## Work required
Each word in the data below should be copied exactly; the images should not.

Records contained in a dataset

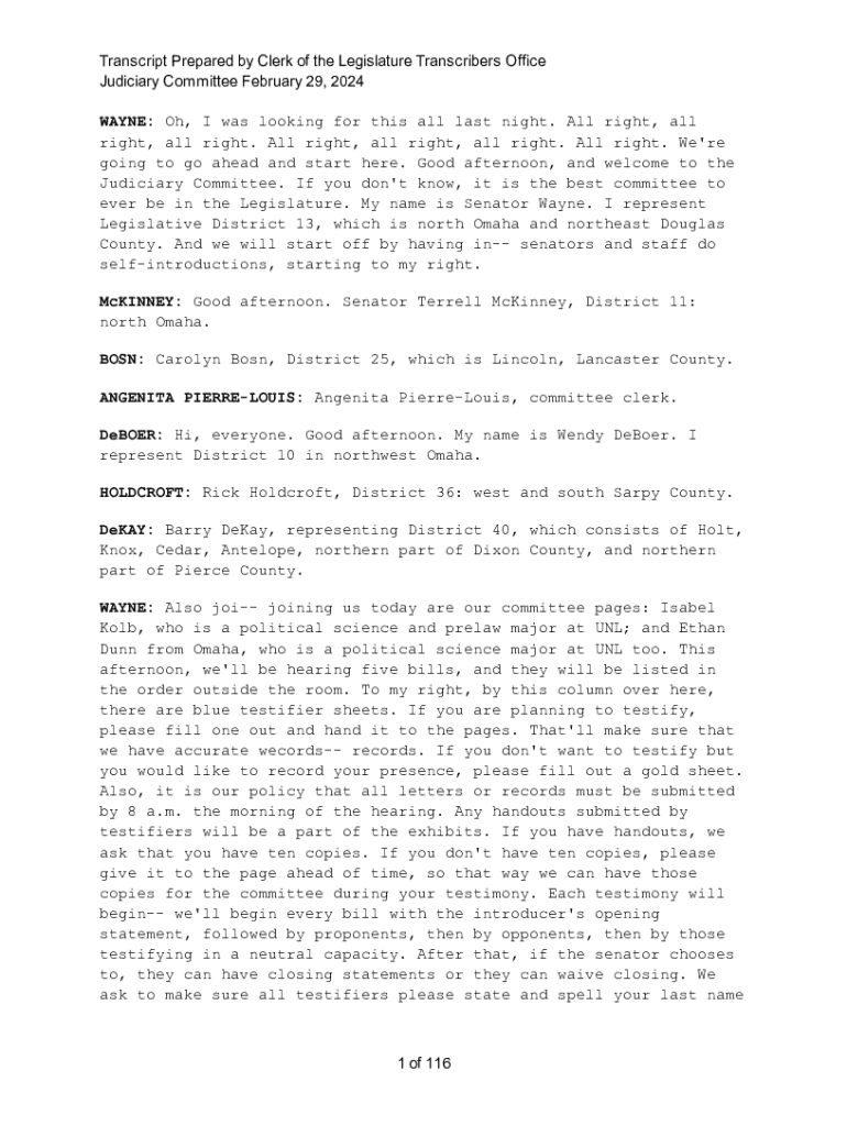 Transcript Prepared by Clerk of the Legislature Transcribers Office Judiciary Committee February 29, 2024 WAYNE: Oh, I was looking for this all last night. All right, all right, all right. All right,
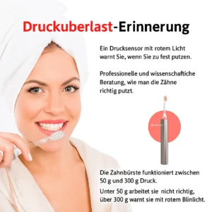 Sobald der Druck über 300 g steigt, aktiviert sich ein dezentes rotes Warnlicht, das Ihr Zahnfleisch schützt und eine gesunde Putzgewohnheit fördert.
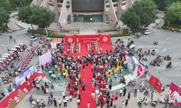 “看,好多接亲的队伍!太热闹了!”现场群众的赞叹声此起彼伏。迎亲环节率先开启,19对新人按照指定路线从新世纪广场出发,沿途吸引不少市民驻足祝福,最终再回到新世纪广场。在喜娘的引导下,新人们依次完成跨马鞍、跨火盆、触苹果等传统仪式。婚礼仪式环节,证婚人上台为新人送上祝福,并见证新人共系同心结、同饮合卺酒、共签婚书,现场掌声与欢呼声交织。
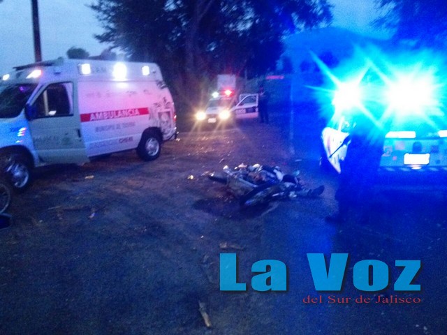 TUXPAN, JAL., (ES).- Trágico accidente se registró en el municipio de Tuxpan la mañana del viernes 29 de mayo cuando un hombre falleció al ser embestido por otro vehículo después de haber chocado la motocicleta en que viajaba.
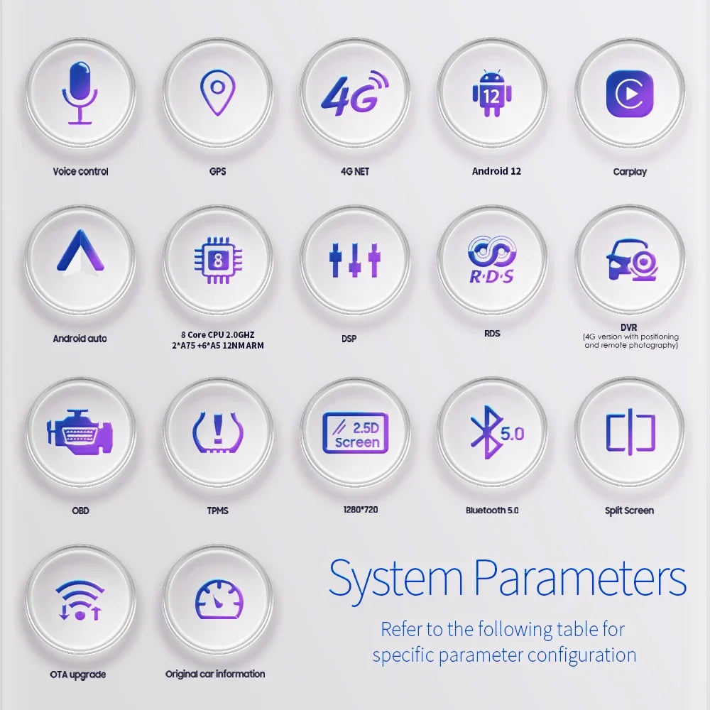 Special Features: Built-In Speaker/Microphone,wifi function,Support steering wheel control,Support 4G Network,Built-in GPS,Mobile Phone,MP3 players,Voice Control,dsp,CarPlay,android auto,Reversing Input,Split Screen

## Solution
 Transcript Prepared by Clerk of the Legislature Transcribers Office Judiciary Committee February 29, 2024 WAYNE: Oh, I was looking for this all last night. All right, all right, all right. All right,
 Sobald der Druck über 300 g steigt, aktiviert sich ein dezentes rotes Warnlicht, das Ihr Zahnfleisch schützt und eine gesunde Putzgewohnheit fördert.
 “看,好多接亲的队伍!太热闹了!”现场群众的赞叹声此起彼伏。迎亲环节率先开启,19对新人按照指定路线从新世纪广场出发,沿途吸引不少市民驻足祝福,最终再回到新世纪广场。在喜娘的引导下,新人们依次完成跨马鞍、跨火盆、触苹果等传统仪式。婚礼仪式环节,证婚人上台为新人送上祝福,并见证新人共系同心结、同饮合卺酒、共签婚书,现场掌声与欢呼声交织。
 TUXPAN, JAL., (ES).- Trágico accidente se registró en el municipio de Tuxpan la mañana del viernes 29 de mayo cuando un hombre falleció al ser embestido por otro vehículo después de haber chocado la motocicleta en que viajaba.
 Special Features: Built-In Speaker/Microphone,wifi function,Support steering wheel control,Support 4G Network,Built-in GPS,Mobile Phone,MP3 players,Voice Control,dsp,CarPlay,android auto,Reversing Input,Split Screen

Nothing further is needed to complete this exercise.